At the point where you went wrong, the distance would have been 21.4. If the rally speed is 35 mph then the correct time at that point should have been 36 minutes 41 seconds.

 

If you drove out and back from the point where you went wrong at 35 miles per hour (and not allowing any time for the turn round) you would arrive back at the junction at 43 minutes 53 seconds. In other words, by the time you get back on the correct route you would be 7 minutes 12 seconds late. This is very difficult to make up. For example, if you then averaged 60 miles per hour (meaning you would probably be driving at well above 60, to average 60) it would take you just over 10 miles to make up the 7 minutes and 12 seconds.

 

This reinforces the view that it is vital to stay on the correct road.

 

It is not impossible to catch up the time lost by navigation errors.
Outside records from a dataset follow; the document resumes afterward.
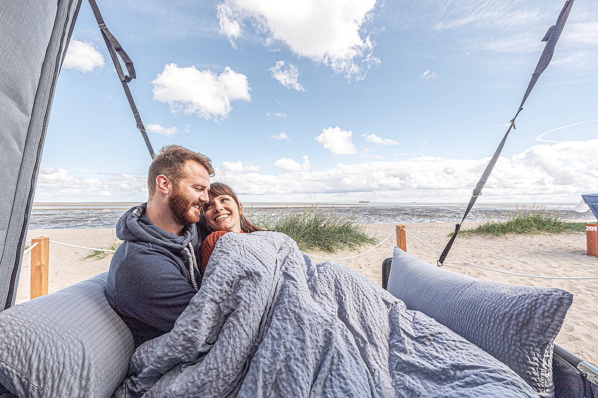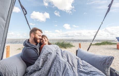 Zweisamkeit an der Nordseeküste erleben und einmal direkt am Nordseestrand übernachten: Die exklusiven Schlafstrandkörbe im Wangerland machen es möglich. Drei dieser besonderen Übernachtungsmöglichkeiten gibt es hier in Hooksiel und Schillig, die Platz für zwei Personen bieten. Tagsüber kann man das Verdeck vollständig öffnen, um die Sonnenstrahlen und das Gefühl der unendlichen Weite des Meeres zu genießen, und nachts träumt man unterm Sternenhimmel. Und auch bei Regen muss man nicht auf den Blick in den Himmel verzichten, dank der eingebauten Fenster im wind- und wasserfesten Verdeck.
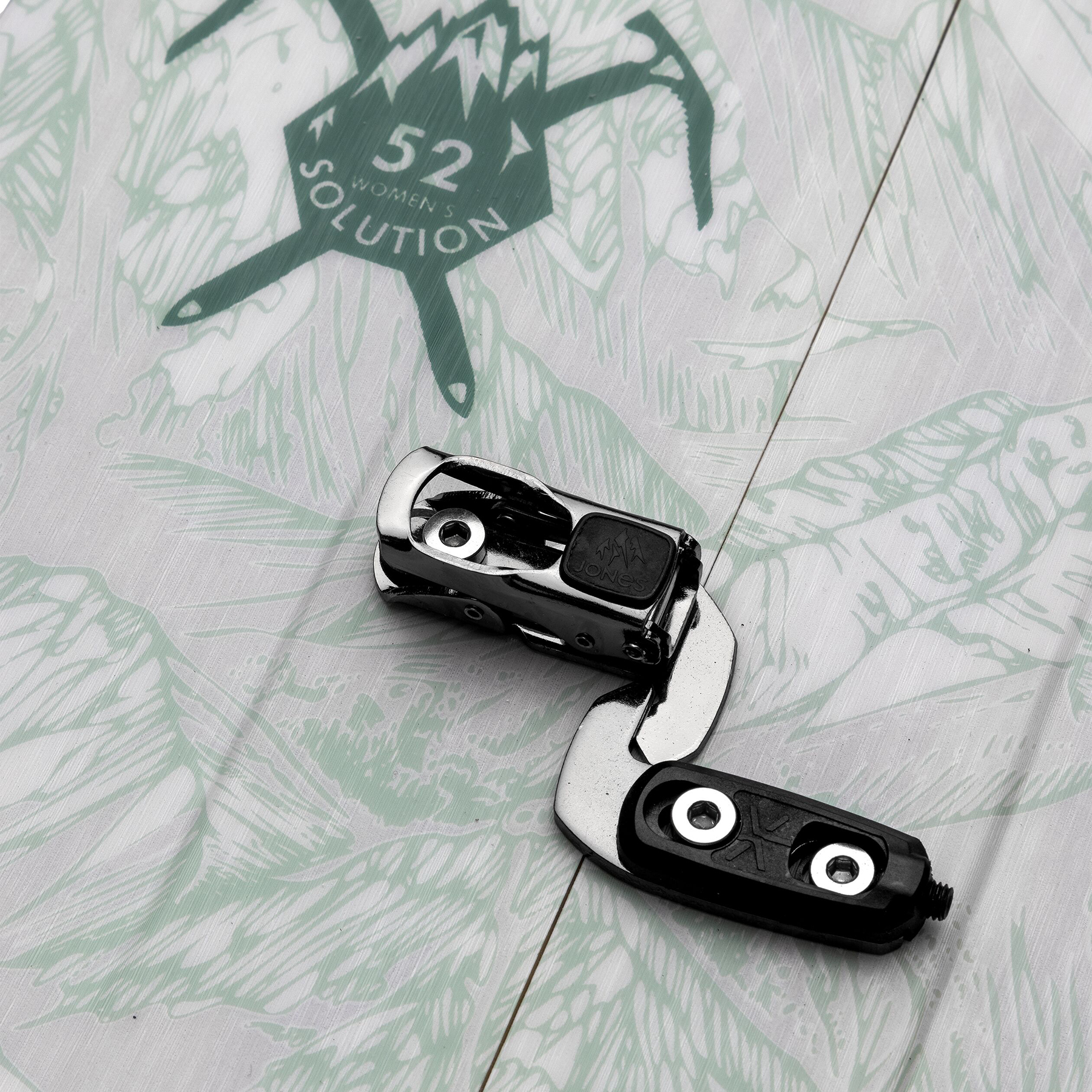 Das Jones Women's Solution enthält einen Ultra Split Core, der natürliche Leichtigkeit mit verstärkter Stabilität kombiniert. Das Triax-Glas ermöglicht kontrollierte Querdehnbarkeit. Die BComp Carbon Flax Stringer verstärken das Board, ohne es zu beschweren. Die Flip-Flop 8000-Oberseite und die biobasierte Harz erhöhen die Langlebigkeit und senken gleichzeitig die Umweltbelastung. Die Kanten aus recyceltem Stahl und die sorgfältig bearbeiteten Kanten sorgen für einen prägnanten Halt unter alpinen Bedingungen.
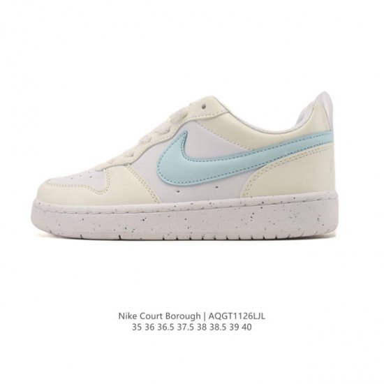 耐克 Nike 女子运动鞋 Court Borough Low 小空军低帮板鞋。1.其皮革材质的鞋面结合网眼鞋舌,在出众外观与质感的同时提供稳固支撑,并且提升透
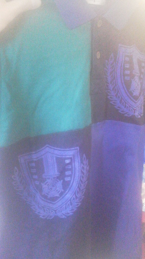 青×紺×緑の配色がユニークな切替ポロ
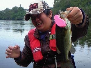 「不人気カラーのゲイリーピンク(笑)で早速、小さいですけれど決めました♪減水気味だったので岸、ブッシュより少しはなれたところで♪効きますよ、ピンクは!」
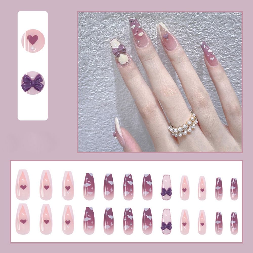 24Pcs Detachable Butterfly Purple False Nails Ballerina Wearable Coffin Full Cover Fake Nail Tips Press On Nails Manicure Tool

We made a mistake on a rally in France last year and drove almost five miles too far. By driving very fast (in pouring rain as well) and luckily there being no control for ten miles, we made up the deficit and in fact came in 9 seconds early.

These few pointers hopefully will give you some idea what TSD rallies are about. I am sure that many members probably think we are mad to go to all this trouble to stay on time within a few seconds. However as with any sport, once you get hooked it becomes addictive.